An alumnus of the Metropolitan Opera’s Lindemann Young Artist Development Program, Mr. Hughes attended the Curtis Institute of Music. He is a previous winner of the Marilyn Horne Foundation Competition and a national semi-finalist of the 2010 Metropolitan Opera National Council Auditions.
Ashley Emerson | Jeannette
Previous roles with The Metropolitan Opera include Laura Fleet, Marnie (North American premiere); Brigitta, Iolanta; Papagena, The Magic Flute, Giannetta, L’elisir d’amore, and Barbarina, Le nozze di Figaro. She has appeared in major roles with On Site Opera, Opéra National de Bordeaux, Théâtre du Capitole de Toulouse, Dallas Opera, Washington National Opera, Atlanta Opera, Los Angeles Opera, Pittsburgh Opera, and others.
Ms. Emerson is a graduate of the Lindemann Young Artist Development Program and has appeared in over 200 Metropolitan Opera performances. She trained at Marlboro Music Festival, Verbier Festival, and Opera Theatre of Saint Louis as a Gerdine Young Artist. Ms. Emerson is a graduate of the University of Southern Maine School of Music
Zhengyi Bai | Colin
In 2022/23, Bai covered Valzacchi, Der Rosenkavalier, Metropolitan Opera; and performed as a Resident Artist with Opera San José, singing Basilio, Le nozze di Figaro; Dr. Caius, Falstaff; Hunchback, Die Frau ohne Schatten; and Goro (cover), Madama Butterfly, San Francisco Opera.

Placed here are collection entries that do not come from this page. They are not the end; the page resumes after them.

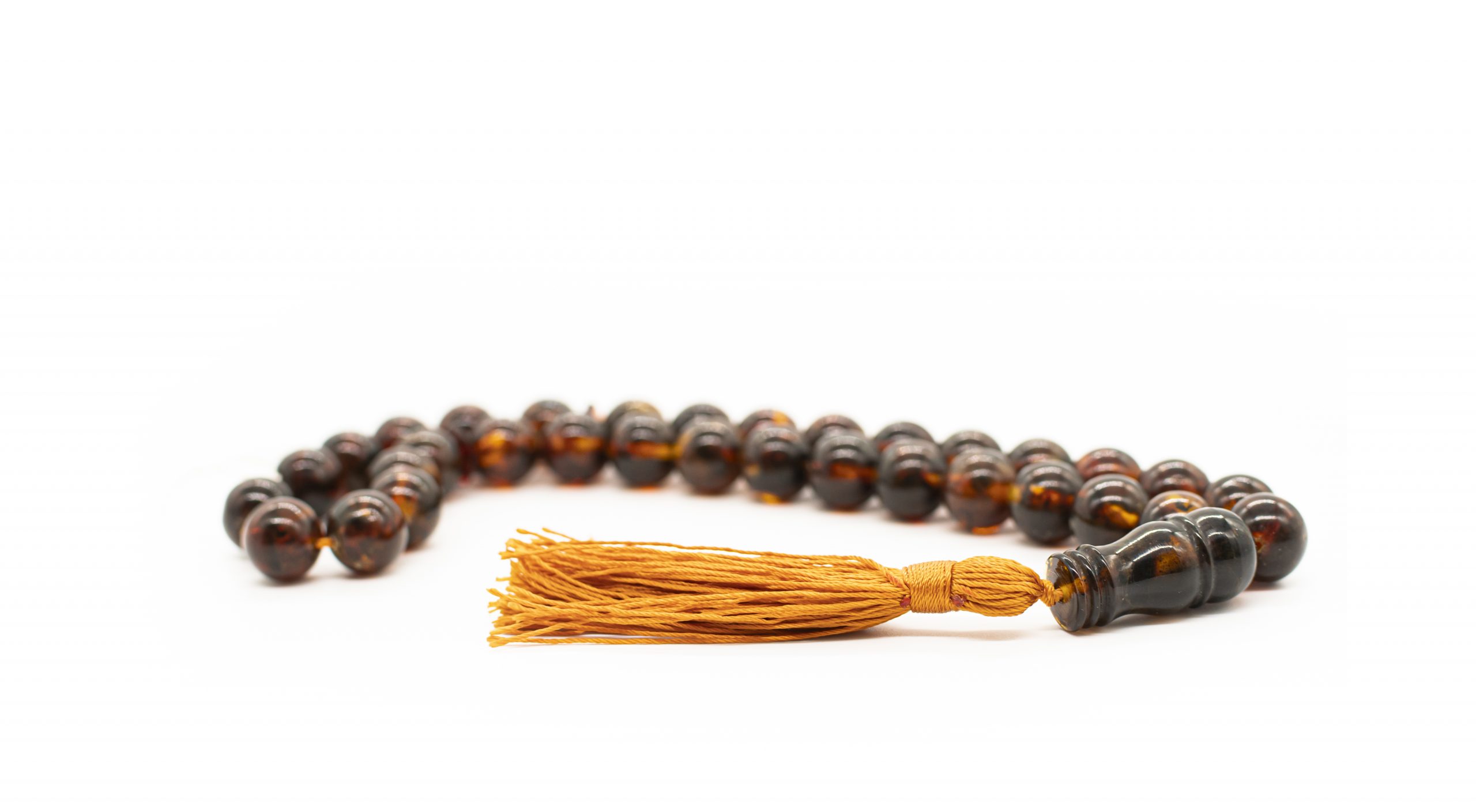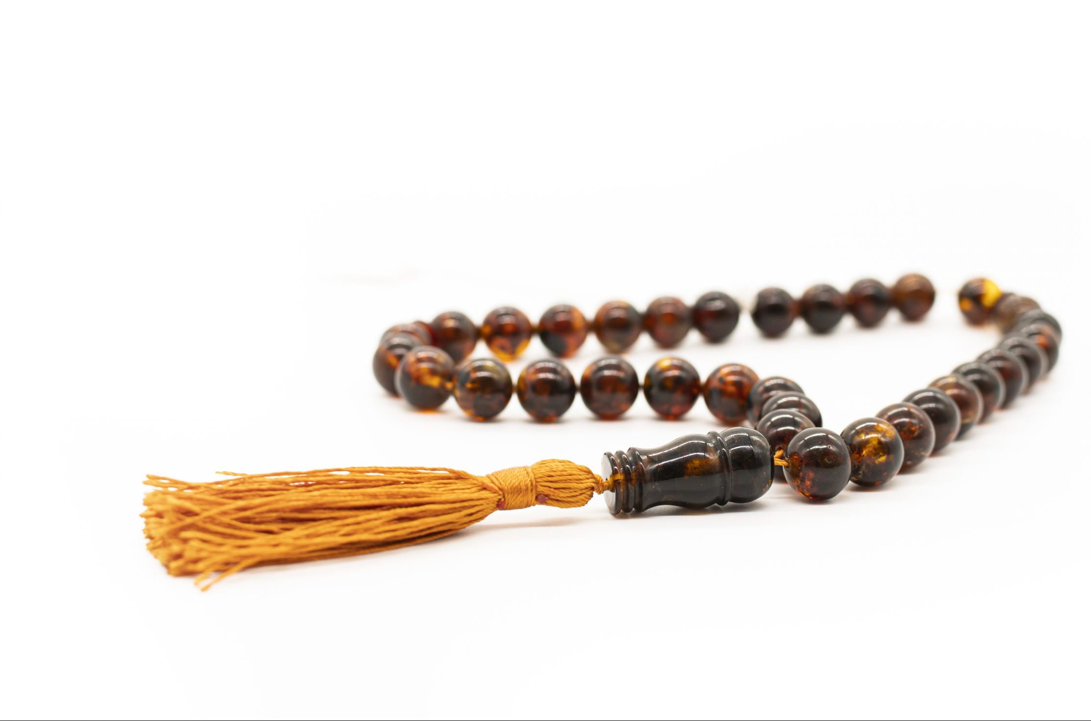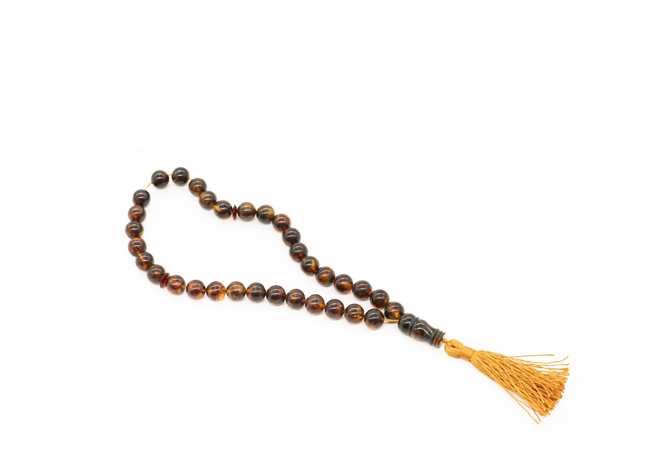 Gintarinis tamsios konjako spalvos gintaro musulmoniškas rožančius, suvertas ant šilkinės virvelės, sudarytas iš 33 burbuliukų bei šilkinio kuto.
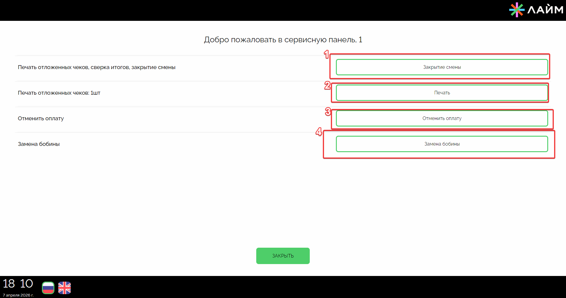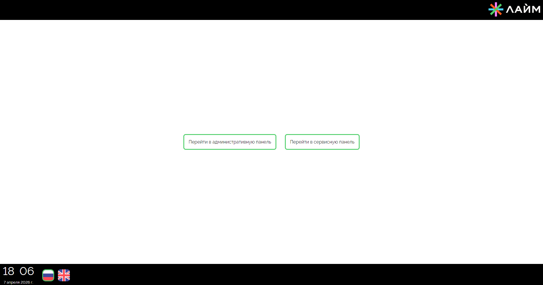 Для входа в режим администратора необходимо 7 раз кликнуть на логотипе «Лайм» в правом нижнем углу приложения, после чего ввести пин код, заданный во время настройки:
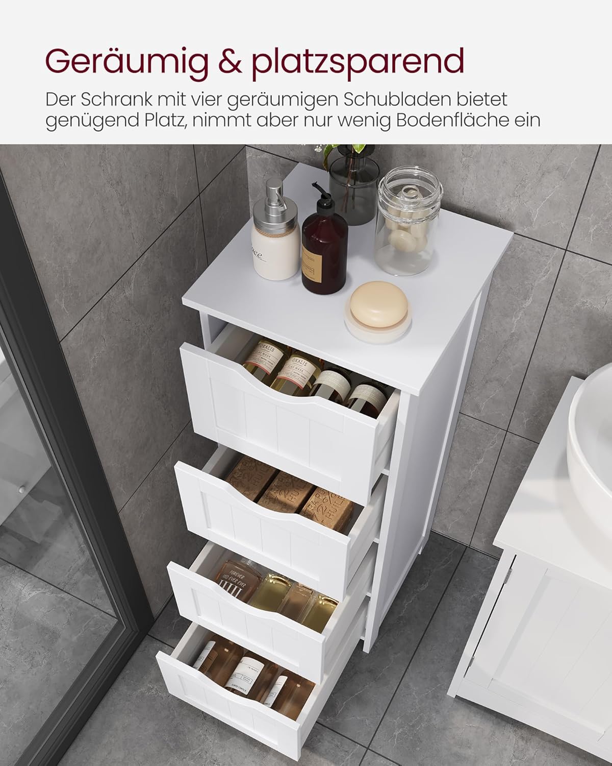 • Просторен и пестящ място: Този шкаф за баня с 4 чекмеджета осигурява много място за вашите вещи като кърпи, ролки тоалетна хартия, парфюм и други. С размери 30 x 30 x 82 см, този шкаф заема малко място на пода.

Bai’s recent roles include Fong See, On Golden Mountain, Los Angeles Opera; First Prisoner, Fidelio, San Francisco Opera; Dancing Master/Lamplighter, Manon Lescaut, San Francisco Opera; Remendado, Carmen, San Francisco Opera; and Alessandro, Il Re Pastore, Merola Opera. In recitals and concerts, he has performed in the Schwabacher Recital Series in San Francisco and the Adlers showcase “The Future is Now” concert with the San Francisco Opera Orchestra.
Born and raised in Shandong province of China, Bai began his studies as a piano performance student and collaborative pianist. With a solid musical foundation of piano study, Bai flourished in his vocal studies, beginning in Shandong, China and continuing his opera training in the United States. Bai was a participant of the Merola Opera Program, and then invited to join the renowned Adler Fellowship Program at San Francisco Opera.
Sandra Piques Eddy | Dorothée
Past highlights include Dinah, Trouble in Tahiti, Opera North (UK) and six role debuts: Meg Page, Falstaff, Opera Colorado; Euridice, Orfeo ed Euridice, Portland Opera; Suzuki, Madama Butterfly, Inland Northwest Opera; Paula, Florencia en el Amazonas, Pittsburgh Opera; Adalgisa, Norma, Boston Lyric Opera; and Mistress Revels, Prince of Players, Florentine Opera, the recording of which was nominated in 2018 for a Grammy Award. A highlight of Miss Eddy’s career is her work in Japan: invited by Maestro Seiji Ozawa, she appeared at his Tokyo Music Academy in her signature role of Carmen and toured with the production in two separate seasons.
“A sweet treat! With attractive, colorful sets…snappy stage-directing, an agile orchestra…and a new and witty English adaptation by Boston playwright Kirsten Greenidge.”
– The Boston Globe
Feb 18, 2024
“A joyous delight! Funny, romantic, and splendidly sung!”